:: REQUIRED ACTION ::
Return the data below unaltered, but strip out the pictures.
** DATA follows **
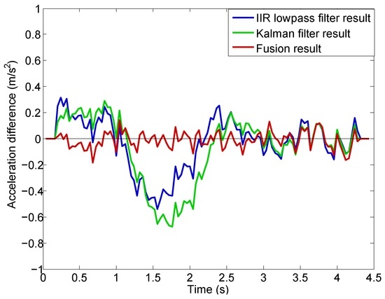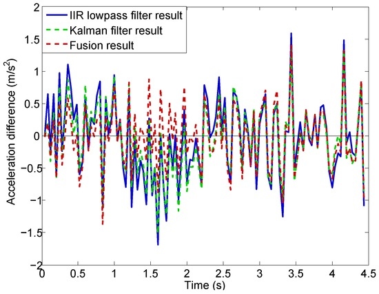 where is the computed acceleration, and is the measured acceleration. The acceleration differences are shown in Figure 17. Dashed lines are used for Kalman filter and data fusion results for better visualization. We can see that the acceleration differences are of high amplitude due to the significant noise in the measured acceleration.
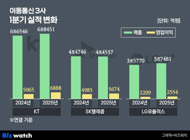 19일 통신업계에 따르면 이통3사의 올해 1분기 연결기준 합산 영업이익은 1조5116억원을 기록했다. 이는 전년 동기보다 23.3% 급증한 수치로 분기 기준 역대 최대다.
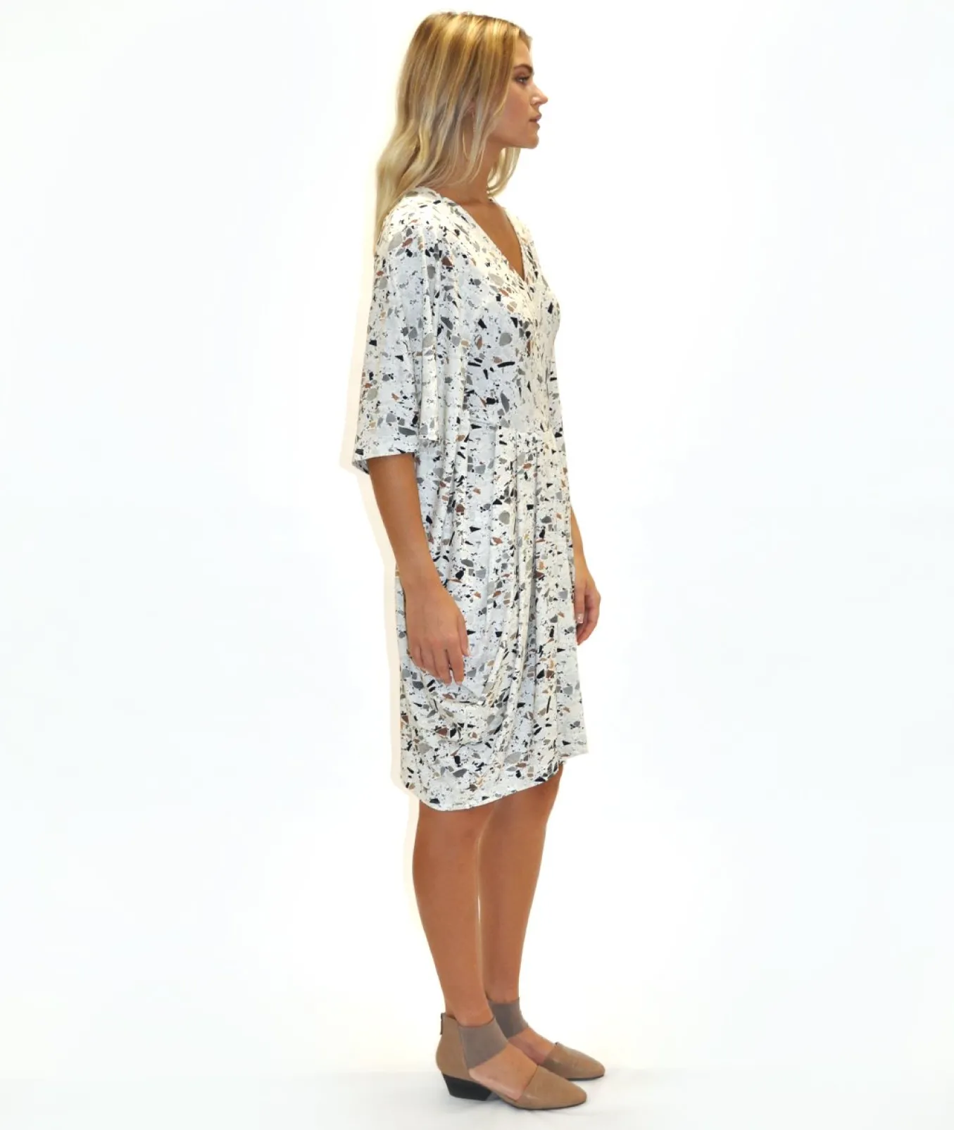 Kaftan-Style Dress With V-Neck And Bat-Wing Sleeves. Waist Seam With Pleats In Front And Back Creates A Silhouette That Is Both Relaxed And Shapely.
** End of DATA **
:: ANSWER SPACE ::
 where is the computed acceleration, and is the measured acceleration. The acceleration differences are shown in Figure 17. Dashed lines are used for Kalman filter and data fusion results for better visualization. We can see that the acceleration differences are of high amplitude due to the significant noise in the measured acceleration.
 19일 통신업계에 따르면 이통3사의 올해 1분기 연결기준 합산 영업이익은 1조5116억원을 기록했다. 이는 전년 동기보다 23.3% 급증한 수치로 분기 기준 역대 최대다.
 Kaftan-Style Dress With V-Neck And Bat-Wing Sleeves. Waist Seam With Pleats In Front And Back Creates A Silhouette That Is Both Relaxed And Shapely.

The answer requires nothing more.